[Dataset extract — start]

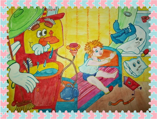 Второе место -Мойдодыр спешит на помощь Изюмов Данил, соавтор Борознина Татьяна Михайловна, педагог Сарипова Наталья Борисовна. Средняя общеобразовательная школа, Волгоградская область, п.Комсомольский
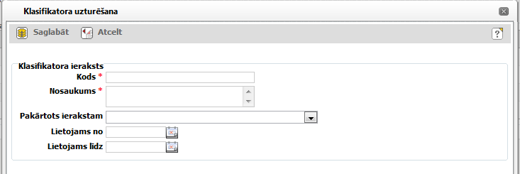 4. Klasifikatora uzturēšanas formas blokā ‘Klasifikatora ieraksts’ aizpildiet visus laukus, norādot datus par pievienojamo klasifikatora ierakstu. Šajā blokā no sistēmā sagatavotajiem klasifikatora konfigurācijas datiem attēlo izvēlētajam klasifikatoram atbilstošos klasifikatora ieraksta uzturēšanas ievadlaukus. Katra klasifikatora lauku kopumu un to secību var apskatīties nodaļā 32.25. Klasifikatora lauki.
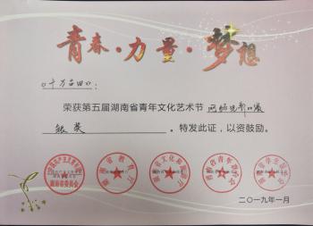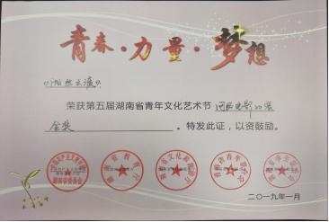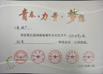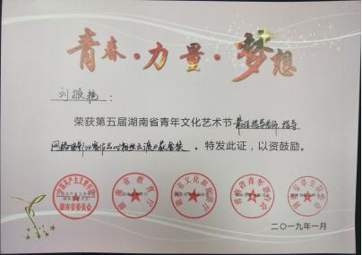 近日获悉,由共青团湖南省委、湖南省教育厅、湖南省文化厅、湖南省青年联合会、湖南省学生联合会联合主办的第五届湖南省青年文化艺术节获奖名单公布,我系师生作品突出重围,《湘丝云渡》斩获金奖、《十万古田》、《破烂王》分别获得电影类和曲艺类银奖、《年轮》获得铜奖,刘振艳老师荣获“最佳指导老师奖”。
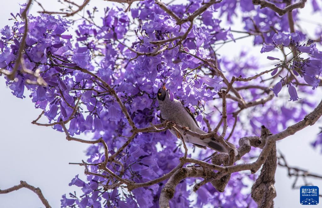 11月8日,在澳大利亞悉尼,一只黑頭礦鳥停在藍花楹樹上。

[Dataset extract — finish]

* [Work to complete]: Leave out the pictures, then reproduce exactly the run of lines from the one that contains "近日获悉,由共青团湖南省委、" to the final line of the listing above.

* [Answer space]:
 近日获悉,由共青团湖南省委、湖南省教育厅、湖南省文化厅、湖南省青年联合会、湖南省学生联合会联合主办的第五届湖南省青年文化艺术节获奖名单公布,我系师生作品突出重围,《湘丝云渡》斩获金奖、《十万古田》、《破烂王》分别获得电影类和曲艺类银奖、《年轮》获得铜奖,刘振艳老师荣获“最佳指导老师奖”。
 11月8日,在澳大利亞悉尼,一只黑頭礦鳥停在藍花楹樹上。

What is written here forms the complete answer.